That's wonderful, but you should still find out the MAX calcium on the puppy food, not just the minimum.


----------



## sportsman1539

Btw, my has been on it for about 3 months now and her growth has followed the GSd growth charts almost to the pound. She doesn't seem to be growing too fast and is on pace to be about the size of her mother. 65lbs


----------



## NightHunter65

Emoore said:


> That's wonderful, but you should still find out the MAX calcium on the puppy food, not just the minimum.


Oh yeah I understand, Ill do some research on that. I am still so used to 3rd shift that I up when no one is open, getting used to this day walker thing again=)


----------



## KZoppa

sportsman1539 said:


> Btw, my has been on it for about 3 months now and her growth has followed the GSd growth charts almost to the pound. She doesn't seem to be growing too fast and is on pace to be about the size of her mother. 65lbs


 
yup. Shasta hasnt had any growth issues. She's not grown too fast and she's currently about 63-65 lbs at a year old.
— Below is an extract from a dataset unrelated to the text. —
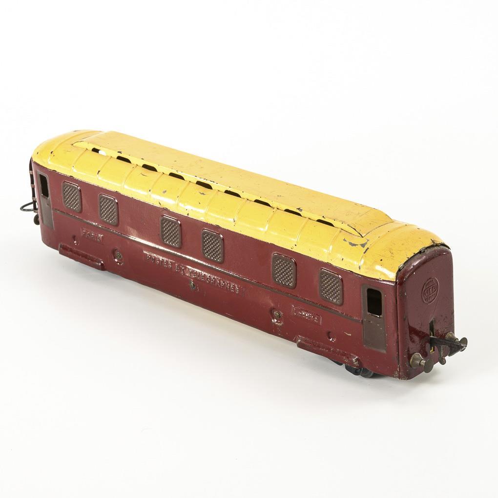 0-gauge. Old pack wagon with living and 2 transport containers, marked JdeP. L 25.5 cm. / Red-brown mail wagon with white roof "Paris - Postes et Telegraphes - Lettres", marked JEP. L 36.5 cm. Worn, paint defects.

She's starting to fill out since she's done growing up. I'm really only expecting her to gain maybe 5-10 more pounds before she's completely done with all that growing stuff.


----------



## XTOL

For what its worth Ive had Abby on the 4Health food almost from
the beginning. The first bag of food I got for her was Purina Pro Plan
since thats what the breeder was feeding. But I changed over to the
4 Health Puppy Formula right after.

At 6 months I changed her to 4 Health Chicken and Rice for Adults.

She has done great on it and eats it right up. She just turned one year
old on May 12th and is a lean 70 pounds.


----------



## NightHunter65

Well she was going so good on it, but for some reason she rather eat my mothers dogs food, Dog Chow, I just dont understand it. She rather have the cheap stuff, she still eats the 4health but she only eats about 2 cups, which almost what she should eat, kinda feel worried she isnt eatting enough if i keep her on it. The first dog ive ever had who didnt clean their bowl as a puppy.


----------



## Lin

NightHunter65 said:


> Well she was going so good on it, but for some reason she rather eat my mothers dogs food, Dog Chow, I just dont understand it.


Thats pretty common actually. Low quality foods have a lot of artificial flavoring in them, think of it like McDonalds. It especially happens in cats, because they're stricter carnivores so foods are highly flavored to entice them. Then the cat becomes a "junk food junkie" and snubs healthier alternatives.


----------